Cash Flows - Investing Activities
Capital expenditures were $32.5 million and $23.3 million for the three
months ended March 31, 1998 and 1997, respectively. Total capital expenditures
for the calendar year 1998 are projected to be $270 million. In 1997, the
Company initiated installation of CDMA digital technology in the greater
Raleigh, North Carolina, service area. The Company expects to begin commercially
offering digital service to its customers in Raleigh in the second quarter of
1998.
On a limited basis, the Company has increased its ownership interests in
certain of its controlled markets. To the extent feasible, the Company intends
to exchange some or all of its minority investments in cellular communications
systems for increased ownership interests in its controlled markets or for
ownership interests in new markets in which it could obtain control. See Note 5
of Notes to Consolidated Financial Statements for a discussion of acquisitions
and divestitures.
Cash Flows - Financing Activities
As part of its cash management program, the Company utilizes short-term
borrowings based on market interest rates to support its daily cash
requirements. The aggregate amount of these borrowings is limited to $100
million under certain debt covenants.
In the first quarter of 1998, the Company issued $100 million in aggregate
principal amount of its 6.65% Senior Notes due 2008. The net proceeds received
by the Company from the sale of these debt securities were used to repay a
portion of the Company's long-term indebtedness outstanding under the Credit
Facility.
In the first quarter of 1997, the Company issued $200 million in aggregate
principal amount of its 7.6% Senior Notes due 2009. The net proceeds received by
the Company from the sale of these debt securities were used to repay a portion
of the Company's long-term indebtedness outstanding under the Credit Facility.
9
<PAGE>
Liquidity and Capital Requirements
Substantial capital is required to expand and operate the Company's
existing cellular systems and to acquire interests in additional cellular
systems. The Company has increased borrowings to the extent its existing cash
needs have not been met through existing cash resources and cash flows from
operations. Existing cash resources, internally generated funds and borrowings
have been used to meet the Company's capital requirements.
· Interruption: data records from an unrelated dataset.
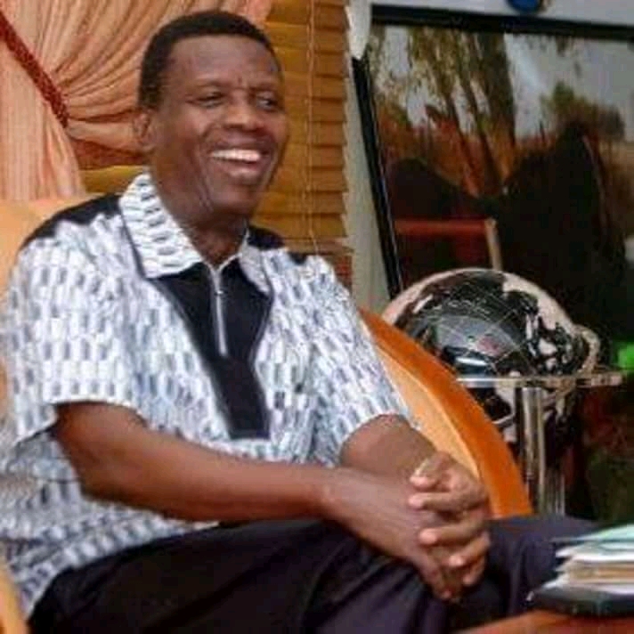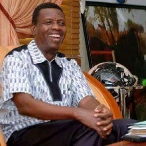 Pastor Adeboye plays keyboard as his pastors sing along with the sound,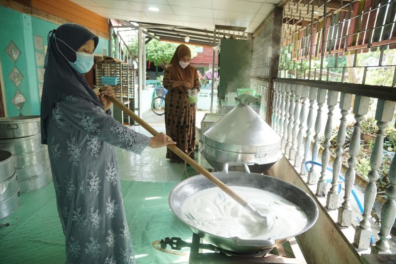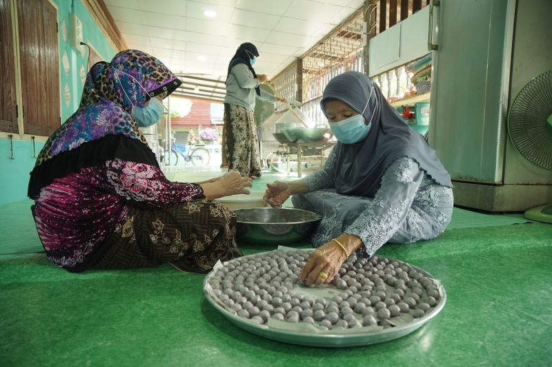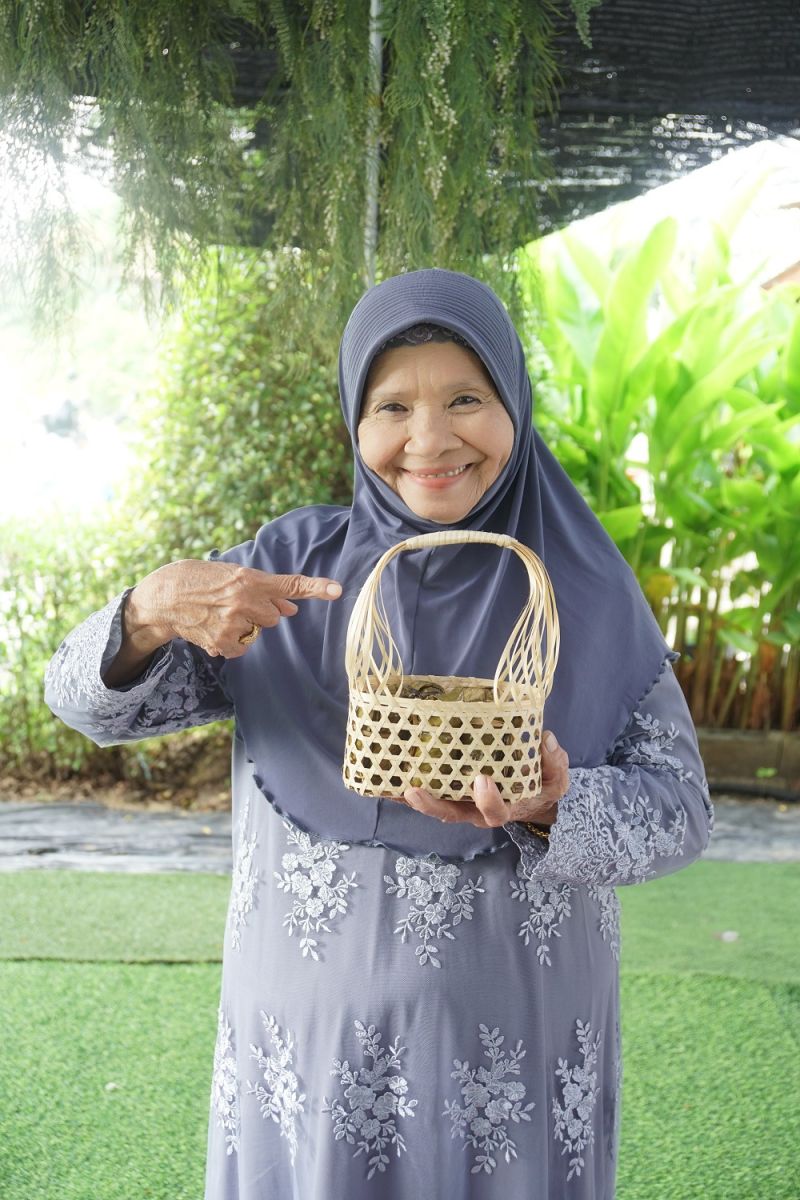 “ยายทำขนมมาตั้งแต่อายุประมาณ 14 – 15 และยังอยู่โรงเรียน กลับมาจากโรงเรียนก็มาช่วยแม่ทำ ก็ทำมาประมาณ 50 กว่าปี เมื่อก่อนก็ขายตามคลอง เข้าบ้านโน้น เข้าบ้านนี้ แต่พอหน้าแล้งก็ทำขนมไปส่งตามร้านพี่น้องที่ขายของอยู่ เราไม่ได้ทำเยอะ แต่ตอนนี้จะเยอะมาก ถามว่ายายทำอะไรเก่ง ก็เก่งไปหมดทุกขนมเลยดีกว่า เพราะยายก็ทำได้หมดทุกอย่าง ก็ไม่รู้จะเอาขนมอะไรนะ เอาว่าถ้าลูกค้ากินติดใจ ถูกใจ ก็ขอให้ลูกค้าได้กินกันไปเรื่อยๆ แต่ตอนนี้ยายก็แก่แล้ว อยากจะถ่ายทอดอาชีพให้หลานๆ เหลนๆ เขาไป แต่ว่าการทำขนมของยายก็ต้องให้ได้รสชาติของยายที่ทำมา เพื่อจะต่อยอดให้ขายดิบขายดี ลูกค้ากินแล้วเขาจะได้ติดใจ ยายก็จะไปไม่ค่อยไหว แต่พวกหลานๆ ก็บอกว่ายายสู้ๆ เราก็สู้แต่เราก็ยังดูแลอยู่ อย่าทำแบบว่านึกจะทำก็ทำเป็นขนมน่ะมันไม่ได้ มันต้องได้รสชาติของมัน ให้รสชาติกลมกล่อม ให้อร่อย ลูกค้าถึงจะติดใจ เมื่อตัวเรากินเองว่าอร่อย คนอื่นก็อร่อย แต่ถ้าเรากินไม่อร่อย คนอื่นก็บอกว่าไม่อร่อยเหมือนกัน”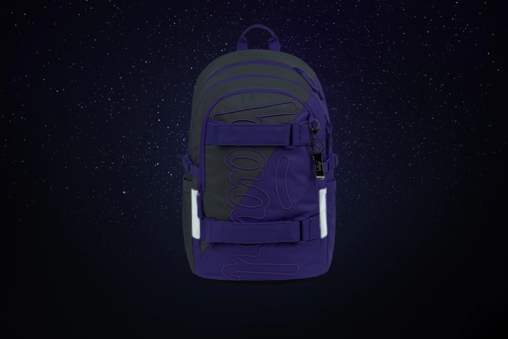 Wodoodporny materiał z certyfikatem GRS, wysokiej jakości zamki YKK oraz elementy odblaskowe dla lepszej widoczności. Przednie paski łatwo mocują deskorolkę.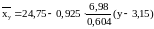 3. Обчислити для даного значення однієї змінної відповідне значення іншої, використавши для цього одне з одержаних рівнянь регресії (підхоже) та порівняти це значення з відповідним груповим середнім (це останнє завдання подано разом з кореляційною таблицею).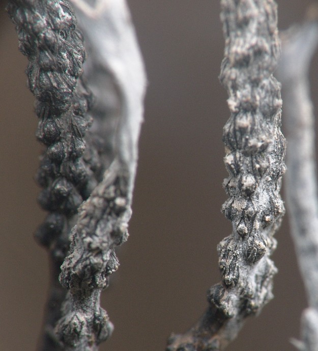 Stromata gregarious, unbranched, clavata narrow cylindric, 25-55 x 0,5-1 mm with sterile apices; stipe distinct, smooth, half of the clavata; subiculum sparseley setose, brown; perithecia , evident, globose, ostioles papillate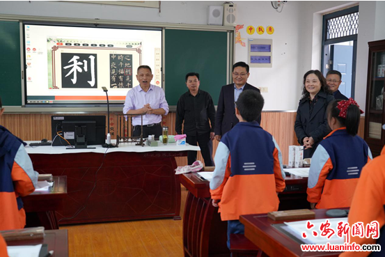 10月24日,裕安区政协主席聂贵廷一行前往六安市裕安区梅花小学,视察区政协书画研究院书画进校园活动。区政协副主席陶晓婉、政协秘书长余玉亮、政协书画院院长杨旭陪同。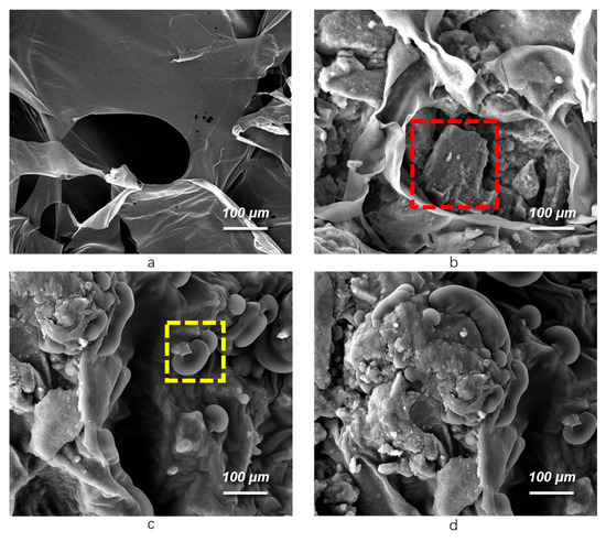 SEM of unmodified corn cob and modified corn cob ((a): unmodified corn cob; (b): bentonite-modified corn cob; (c): tannin-modified corn cob; (d): bentonite- + tannin-modified corn cob). In the red box is sodium-based bentonite; In the yellow box is bayberry tannin.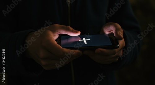 Hands Holding Smartphone with Glowing Cross - Christian Faith Illustration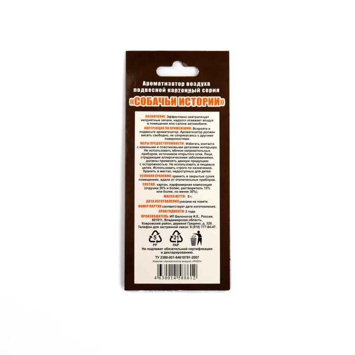 Ароматизатор воздуха подвесной, картонный "Собачьи истории" Чёрный лёд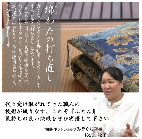 「綿ふとんの打ち直し」のご紹介をします。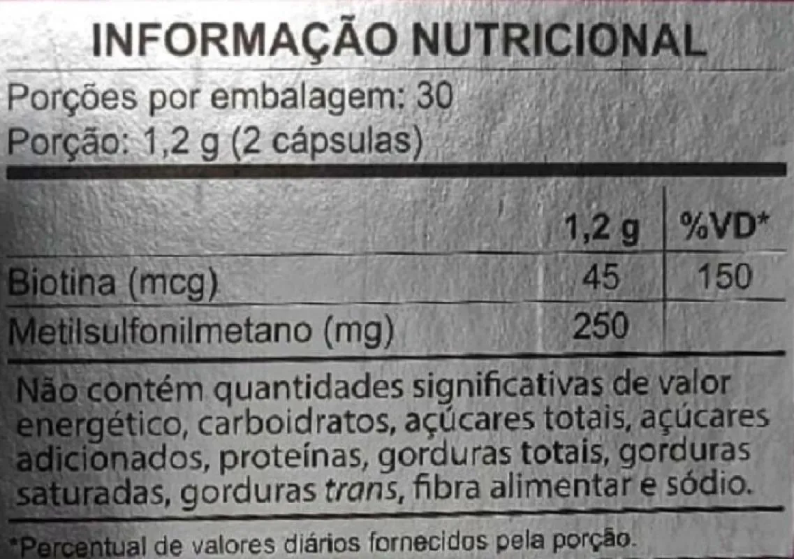 Ingredientes: Metilsulfonilmetano (MSM), D-biotina, antiumectantes selicato de magnésio, estearato de magnésio e dióxido de silício. Composição da cápsula: gelificante gelatina, água purificada, umectante glicerina e corante dióxido de titânio.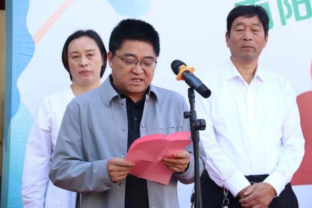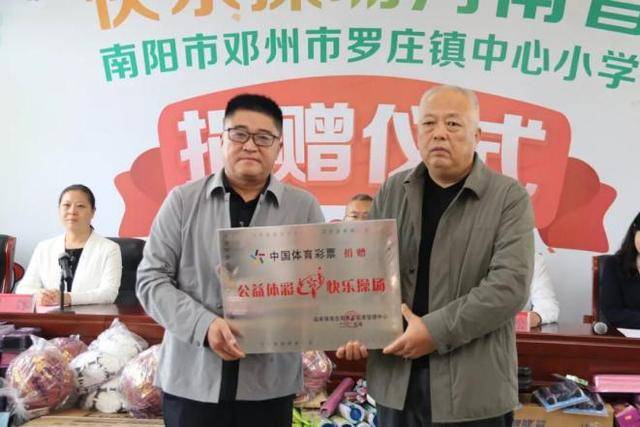 河南省体育彩票管理中心郑州东区分中心负责人向学校授予“公益体彩 快乐操场”牌匾,新郑市郭店镇五里堡完全小学校长曹仲谦则代表全校师生回赠了锦旗。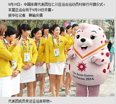 仁川亚运会今天开幕 中国代表团举行升旗仪式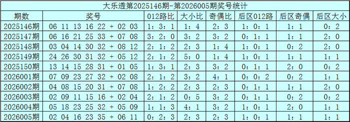 体彩大乐透第26005期奖号为:02 04 16 23 35+06 11,前区奖号012路比为0:2:3冠鸿生科技有限公司,奇偶比为2:3,大小比为2:3,后区1路号码轮空。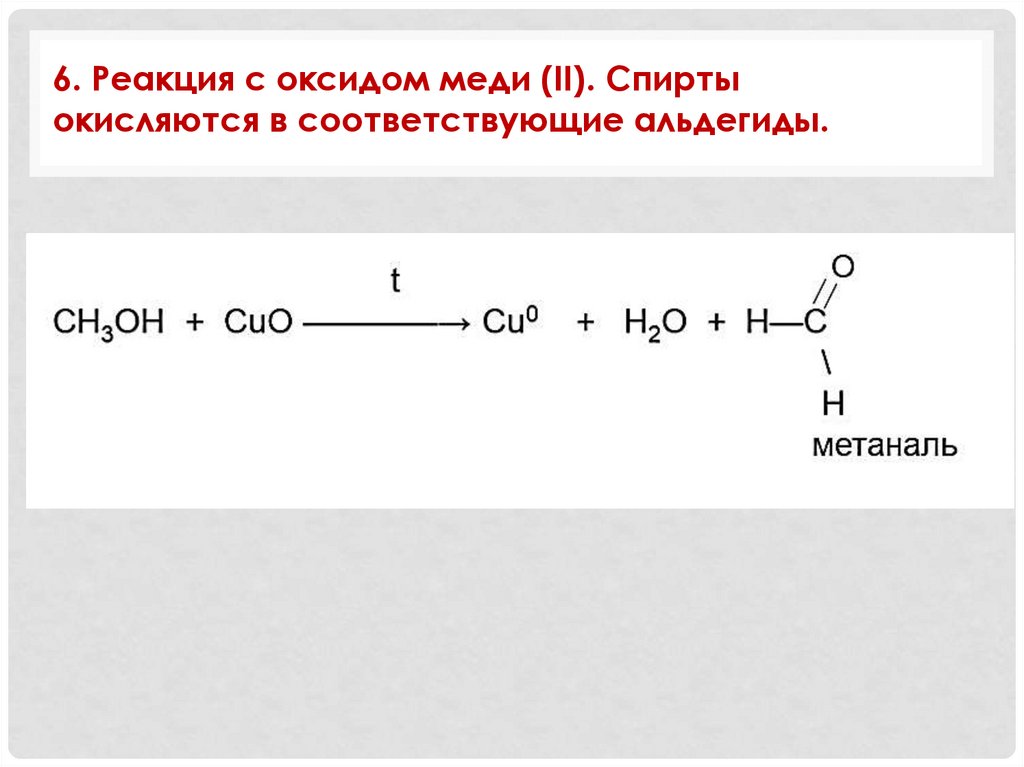 6. Реакция с оксидом меди (II). Спиртыокисляются в соответствующие альдегиды.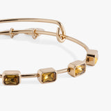 Whether you're commemorating a November birthday or you're drawn to the generosity and joy of the topaz-colored crystal, the Emerald-Cut Birthstone Bangle will add personalized elegance to your stack. This birthstone bangle features seven emerald-cut gold crystals on an expandable wire bangle in a shiny gold or silver finish.

The Company expects to make capital expenditures, excluding acquisitions,
of approximately $270 million in 1998. Funding for these expenditures is
expected to be substantially derived from cash flows from operations. These
expenditures will be made to expand and enhance existing cellular systems, and
to deploy digital technology.
The Company expects that it will need to raise additional funds to finance
acquisition activities. Such acquisition activities may include acquisitions of
new cellular communications systems or additional investments in cellular
communications systems in which the Company already holds an ownership interest.
The Company may utilize existing cash resources, borrowings under the Credit
Facility and the issuance of debt securities to meet these funding requirements.
The Company believes that it will have the needed access to the capital
markets on suitable terms and that, together with borrowings under the Credit
Facility, the issuance of debt securities and net cash provided by operations,
it will have sufficient capital to meet its projected funding requirements for
operations in 1998 and thereafter. The Company currently does not intend to seek
funding from other sources during 1998. There can be no assurance that access to
the capital markets can be obtained in amounts and on terms adequate to meet its
objectives or that the borrowings or net cash from operations will be adequate
to meet the Company's projected funding requirements.
At March 31, 1998, the Company had $520 million of borrowings outstanding
under the Credit Facility and was not restricted or limited in its borrowing
capacity.
Forward-Looking Statements
When used in this Report, the words "intends," "expects," "plans,"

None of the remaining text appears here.